To put the importance of the currency decision into perspective, if an Australian fund invested in the MSCI World Index over 2008 was 100 per cent hedged it would have returned a positive 3.5 per cent. If it was 100 per cent unhedged, it would have returned a positive 22 per cent. That would have been the difference between making it a top-quartile fund or a bottom-quartile one.

Leigh Watson, executive general manager, Asset Servicing, for NAB, said that currency was one of the most important issues facing super funds and many funds managers, which has been highlighted by the events of the past year or so.

The biannual NAB Superannuation FX survey of super funds’ attitudes to currency management and aggregate positions shows that the most important change among funds is that they tend to be adopting a total portfolio approach to what they hedge, rather than having separate currency benchmarks for each asset class.

Another trend is a recent swing back to active currency management, which peaked in the late 1990s and fell away after the technology bubble burst (see separate survey report: page 17).

Steve Merlicek, the former chief in- vestment officer for Telstra Super, who last month resigned to move to funds manager IOOF, said Telstra Super had been using a dynamic currency overlay, managed by Pareto Partners, for about 10 years.

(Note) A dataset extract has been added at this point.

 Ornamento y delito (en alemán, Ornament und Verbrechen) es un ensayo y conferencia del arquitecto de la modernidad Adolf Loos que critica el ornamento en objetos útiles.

“It means our losses have usually been not that bad and we have received most of the gains,” he said.

Telstra Super also has a passive hedge, through National Australia Bank’s Asset Servicing, for 50 per cent over its international alternatives.

It has historically hedged separately by asset class but was looking at a port- folio approach, Merlicek said. The fund was also looking at using option-based strategies to enhance returns.

To Hedge or Not to Hedge

On the question of whether or not to hedge, currency had the potential for risk and return and so should be evaluated in the same way as any asset exposure, Graeme Miller, the head of investment consulting for Watson Wyatt, said.

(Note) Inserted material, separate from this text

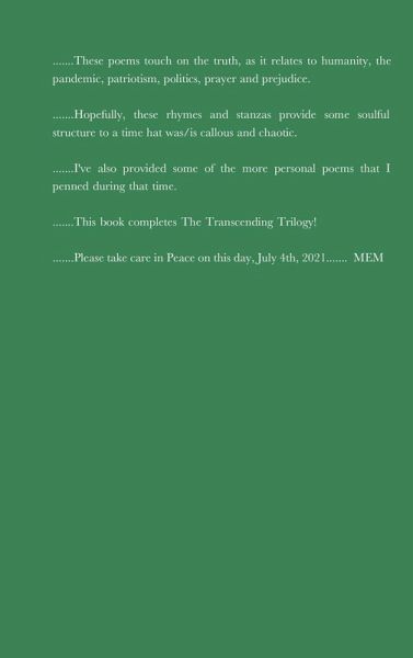 .......These poems touch on the truth, as it relates to humanity, the pandemic, patriotism, politics, prayer and prejudice. .......Hopefully, these rhymes and stanzas provide some soulful structure to a time that was/is callous and chaotic. .......I've provided some of the more personal poems that I penned during that time. .......This book completes The Transcending Trilogy! .......Please take care in Peace on this day, July 4th, 2021....... MEM

“Watson Wyatt has a view, which is somewhat controversial, that Australian interest rates are persistently higher … so the carry trade will persist (borrowing in lower interest rate countries, such as Japan or USA, and lending in higher rate countries like Australia),” he said. “But there are diversification benefits. A currency hedge can act as a powerful diversifier, especially in stressed times, and this alone makes hedging very attractive. In times of stress, the correlation spikes to negative one for currency.”